Background :
Converting individual gas/liquid chromatography mass spectrometry data files into a data matrix of peaks/samples/intensity is an essential step in a standardized metabolomics workflow. For GCMS data files, Automated mass spectral deconvolution and identification system (AMDIS) offers a free solution for extracting peak list for raw data files. Data files can be in native vendor format or in netCDF format. AMDIS can process files in batch mode, so up to 500 data files can be batch processed easily on a normal desktop. For more info, YT search ‘AMDIS batch’. One of the AMDIS outputs is an .ELU file, which is a peaklist containing a range of information such as retention time, S/N ratio, quant ion, deconvoluted spectra about chromatographic peaks. The next step in the data processing is to use SpectConnect , a freely available software from MIT to merge individual ELU files into a data matrix that can be used for doing statistical analysis. The merging of peaks in files is decided by retention time and deconvoluted mass spectra of peaks, if the same peak is observed across all the samples. SpectConnect web-server ( http://spectconnect.mit.edu/) allows uploading up to 100 data files, with one by one upload. However, if you have more than 100 data files, you need to install the SpectConnect locally to process those files and generate a matrix.
Objective :
To install SpectConnect locally and process more than 500 GCMS data files.
Materials:
Software :
- SpectConnect code : Download from here .
- Gemoda Algorithm. Download form here.
- Latest Ubuntu and VBox (if you are using a PC).
- Ubuntu scipy and numpy packages .
Raw Data :
If you don’t have test data, send an email to (barupal@gmail.com), I can share some Agilent GCMS data files with you.
Steps :
- Process the individual GCMS files with AMDIS in batch mode. Use some optimized settings for deconvolution.
- Transfer all the ELU files to a directory name ‘main’.
- Inside the ‘main’ folder, make folders for each experimental class or group and transfer the related ELU files to those folders.
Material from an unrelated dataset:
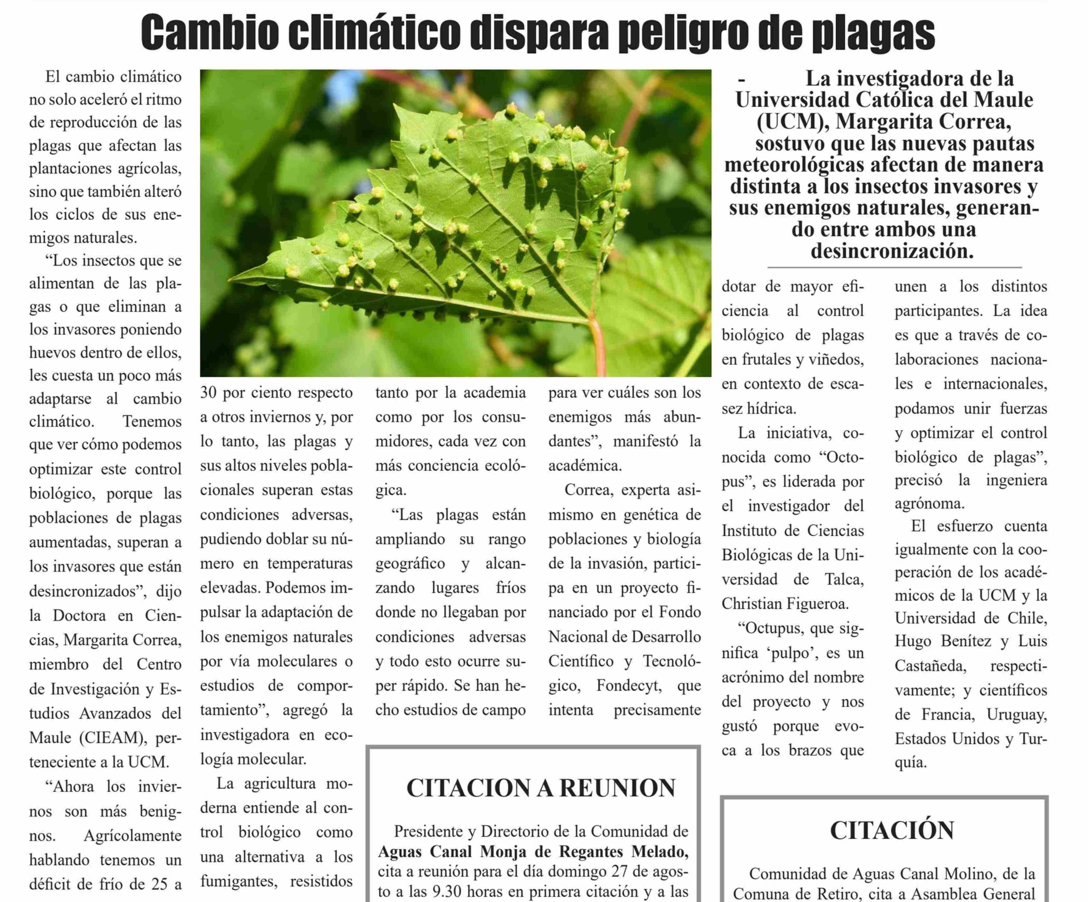 Cambio climático dispara peligro de plagas. Se menciona a Cristian Figueroa, investigador del Instituto de Ciencias Biológicas.

- Extract gemoda and spectconnect inside the ‘main folder’.
- Setup the Virtual Ubuntu inside VBox.
- From the VBox folder sharing option, share the ‘main’ folder containing these sub-directories for groups with VBBOXSF command. Here are the instructions .
- Now in the ubuntu terminal go to the folder where gemoda code is unzipped. Now type these commands. ./configure; make; make install . Do the same inside the folder of spectconnect
- Now, type python spectConnect.py –help to see if spectconnect is installed properly. It should not through an error, if installed correctly.
- Now, run the command (get from the help) to process the GCMS data files. Parameters are – basePath = path to the ‘main’ folder. elutionThreshold= medium, similarityThreshold=medium, -alsoMatrix.
- Output would be ‘results’ folder in the ‘main’ folder with matrix and MSL library. Use the MSL library in the NIST MS search program to perform identification. And use the matrix to perform statistical analysis.
It takes about 3 hours to process 600 GCMS data files and generate the table, which is quite impressive. Though, the spectconnect code is single threaded and performs well, there is a need to make it parallel to process large number of big data files which are coming from TOF instruments with high scan speed (20scans/secs). Single quad instruments would have around 2 scan per seconds, so size is small, hence data processing is faster so far. I have not tested this for TOF data yet. But, if anyone is interested, they can download the test data from here. (2.1 gb).
References :-
- Styczynski, Mark P., et al. “Systematic identification of conserved metabolites in GC/MS data for metabolomics and biomarker discovery.”Analytical Chemistry 79.3 (2007): 966-973.
- Barupal, Dinesh K., et al. “Hydrocarbon phenotyping of algal species using pyrolysis-gas chromatography mass spectrometry.” BMC biotechnology 10.1 (2010): 40.